Или вариант куда более благополучный, можно даже сказать, триумфальный – мой давний персонаж Сергей Дягилев. Дягилев максимально способствовал этому «чему-то большему». Ему удалось стать связующим звеном между театром и живописью, оперой и балетом. Таков и Левкий Жевержеев, герой книги, которую я пишу сейчас. В отличие от Дягилева у него не было мировой славы, но его проекты, как и дягилевские, меняли культурный пейзаж. До революции Жевержеев был очень богат и все свои деньги тратил на собрание книг и картин. К тому же он вкладывался в будущее – поддерживал зарождающиеся новые течения. Одним из главных его достижений стало создание общества «Союз молодежи», в которое входили Филонов и Малевич, Матюшин и Наталья Гончарова. После революции у него возникли проблемы с коллекцией. Когда стало ясно, что национализация неизбежна, он придумал, как отдать коллекцию государству и в то же время с ней не расстаться. Жевержеев передал собрание в недавно созданный Театральный музей, а сам стал в нем помощником директора. Для человека, который прежде никому не подчинялся, это было непросто, но зато он уже не волновался за свои вещи. Прирожденный строитель и созидатель, теперь он создавал музей. Умер от голода на рабочем месте во время блокады…

Возможно, книга будет называться «Алфавит Жевержеева» – ведь она расскажет о человеке, который в своей жизни ничего не пропустил. Так же как нельзя отменить ни одну букву, так и ему удалось прожить жизнь до конца. На всех, самых неблагополучных для него, этапах он не ушел в тень, остался верен своей миссии. Так он поступал и в те годы, когда для него это было едва ли не блажью и удовольствием, и тогда, когда стало чуть ли не подвигом.

– Вы – автор «Нового литературного обозрения» («НЛО»). Поведайте историю отношений с этим издательством.

– Каждому человеку должно повезти с близкими ему людьми. Родителями, женой, мужем, детьми. Литератору должно повезти еще с издательствами и с редакторами. За мою жизнь мне встречались хорошие издательства и редакторы, но «НЛО» принадлежит особое место. Уверен, что оно особое не только для его авторов, но и в жизни страны.
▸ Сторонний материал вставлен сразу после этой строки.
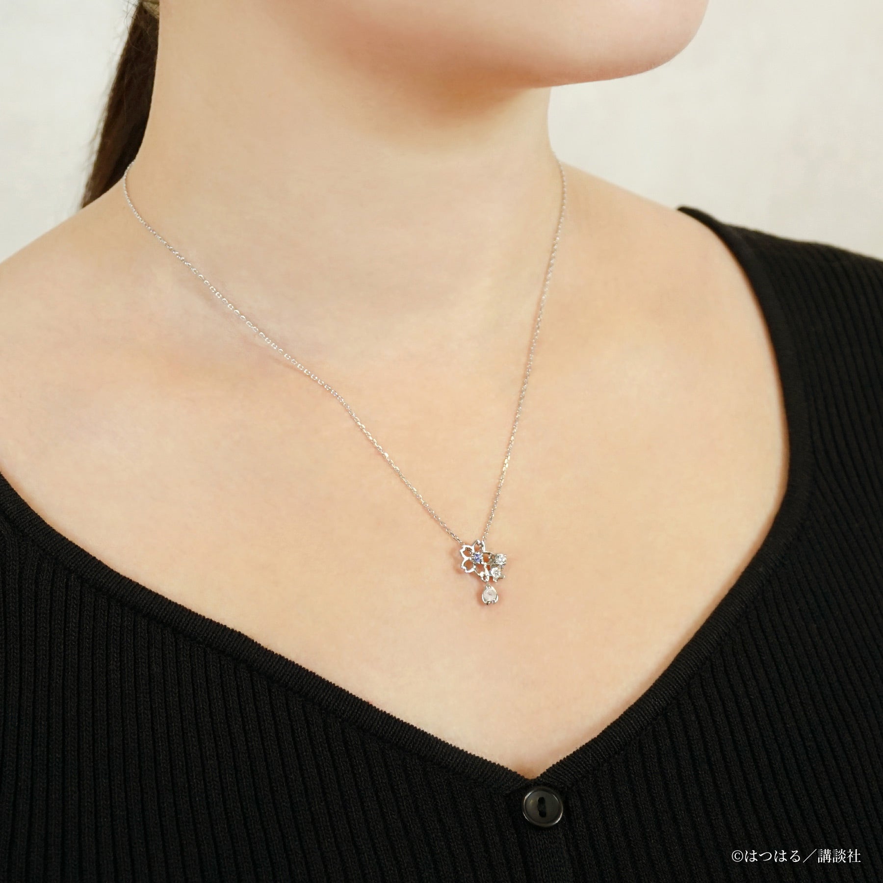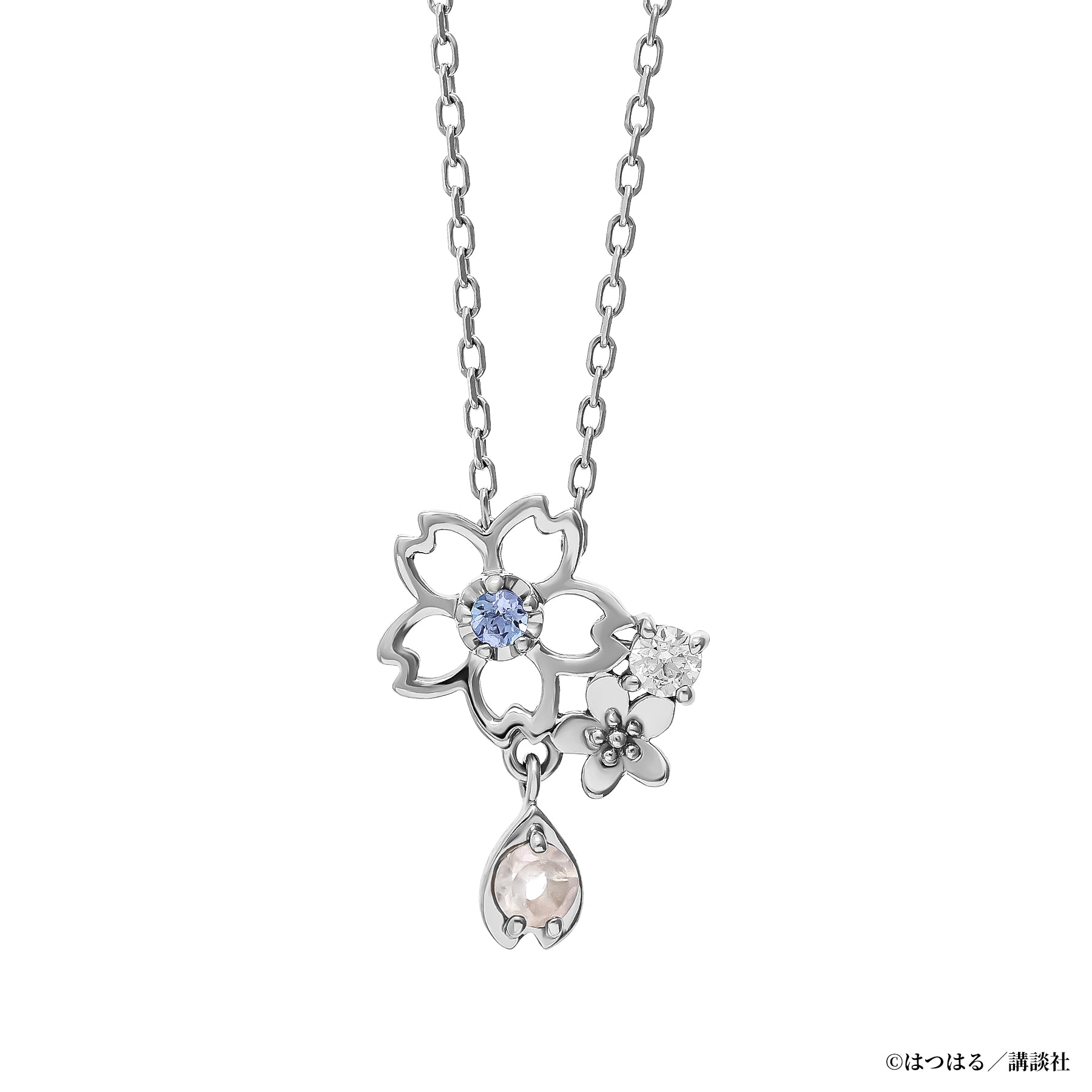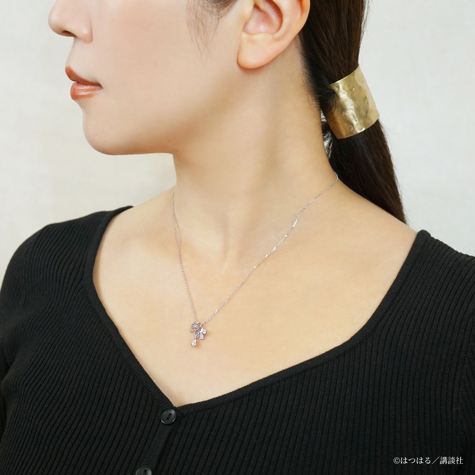 常に寄り添う啓弥と一咲の姿を、二つの桜の花で表現したネックレスです。2人の共通の誕生石でもあるタンザナイトで大人っぽいクールな啓弥をイメージし、クリアに輝くストーンで一咲のピュアな心を表わしています。トップの下に揺れる1枚の花びらには「真実の愛」「愛の告白」といった石言葉を持つローズクォーツが淡くきらめき、大人もデイリーに楽しめる本格的なジュエリーに仕上げました。
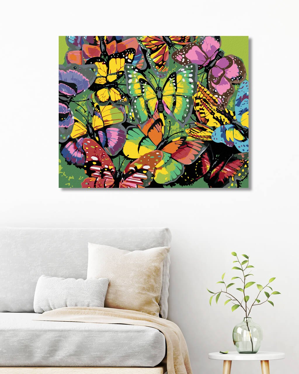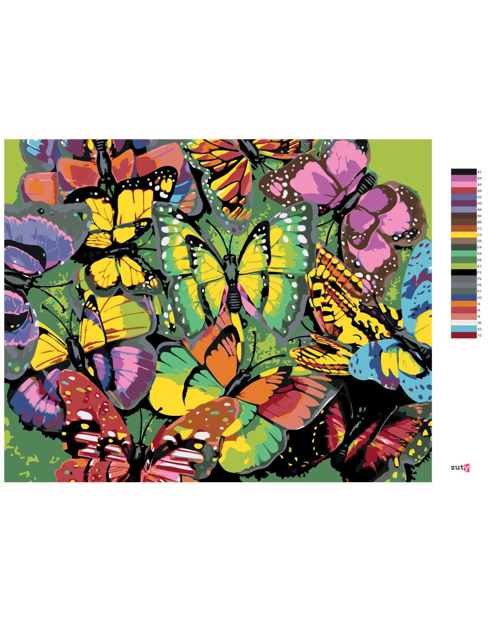 Maľovanie podľa čísel - KŔDEĽ FAREBNÝCH MOTÝĽOV

Благодаря издаваемым тут книгам чуть ли не каждый месяц мы получаем «пищу для мозга». То, что мы не болеем авитаминозом, во многом связано с полезностью этой «пищи».

Среди книг «НЛО» выделяется серия «Очерки визуальности», которую курирует замечательный искусствовед Галина Ельшевская. Как вы уже поняли, я человек «промежуточный», избегающий чистоты жанра, а потому из шести моих книг только две вышли в «Очерках», а остальные в «Эссеистике и критике» и «Художественной серии». Редактором всех этих книг была Ельшевская. Думаю, что после почти 20 лет нашей совместной работы (первая моя книжка в «НЛО» вышла в 2006 году) я могу не скрывать своих чувств. Среди удач, которые были в моей жизни, эта встреча оказалась одной из важнейших.

Для любого творческого человека самое главное – быть понятым. Не только на уровне всей книги, но и каждой строчки. Ведь редактор – это человек, который вместе с тобой проходит путь от странице к странице, от абзаца к абзацу. Кажется, за все это время не было случая, чтобы мы с Ельшевской разошлись во мнениях. Если она что-то утверждает, то так оно и есть.

– 31 октября вам исполнится 70 лет. С каким чувством вы подошли к этому рубежу и какими ближайшими планами могли бы поделиться?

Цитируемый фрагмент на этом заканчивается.